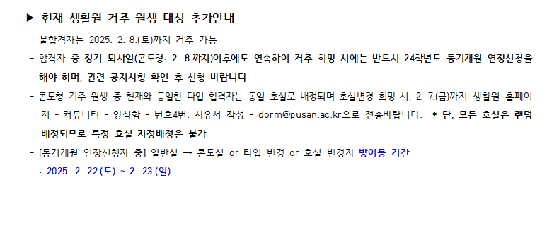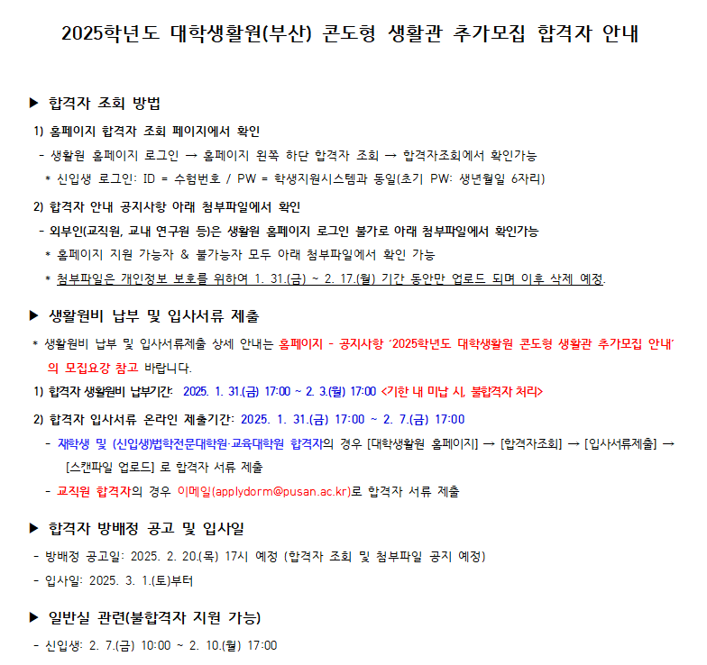 2025학년도 대학생활원(부산) 콘도형 생활관 추가모집 합격자 안내
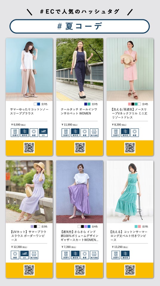 これにより、事業者にとって重要な販売チャネルの1つとなっている、ECでのトレンドや人気の高いハッシュタグと、ハッシュタグに関連した各ブランドの店舗スタッフのコーディネート投稿をデジタルサイネージに放映することが可能となります。来店されたお客様にデジタルサイネージによる商品とのセレンディピティな出会いの体験を提供し、お客様の購買行動に大きく寄与いたします。
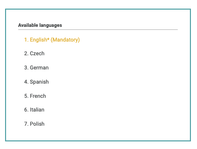 All active languages on Booking Platform will be indicated on the right hand side, being English mandatory.
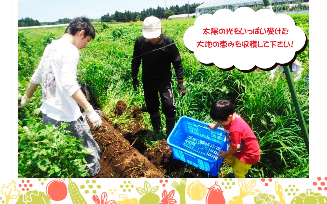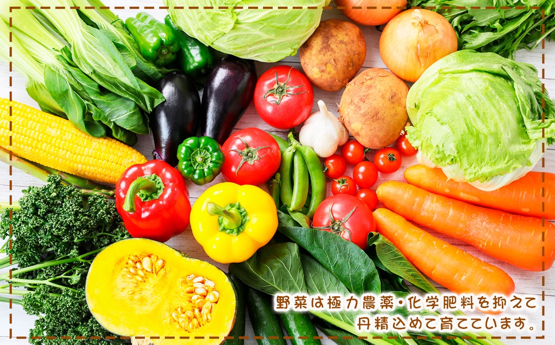 野菜は極力農薬・化学肥料を抑えて丹精込めて育てています。太陽の光をいっぱい受けた大地の恵みを収穫して下さい!
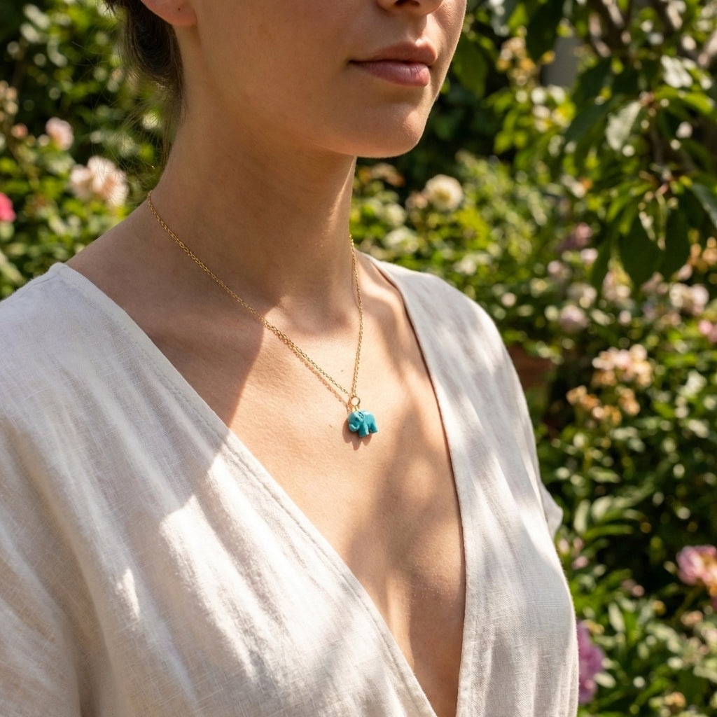 COLAR EM PRATA 925 ELEFANTE COR TURQUESA COM PEROLA
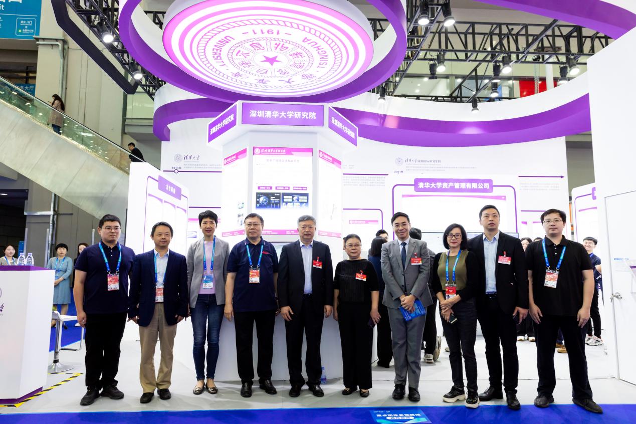 开幕式当天上午,深圳国际研究生院副院长马岚,深圳清华大学研究院院长嵇世山、副院长昝成,深圳市力合科创股份有限公司董事长贺臻参观了清华大学展区。

※ ※ ※

-- Brief --
Beginning with the line that contains "COLAR EM PRATA" and ending with the final line of the entries, every line must be copied exactly; the pictures must not.

-- Task output --
 COLAR EM PRATA 925 ELEFANTE COR TURQUESA COM PEROLA
 开幕式当天上午,深圳国际研究生院副院长马岚,深圳清华大学研究院院长嵇世山、副院长昝成,深圳市力合科创股份有限公司董事长贺臻参观了清华大学展区。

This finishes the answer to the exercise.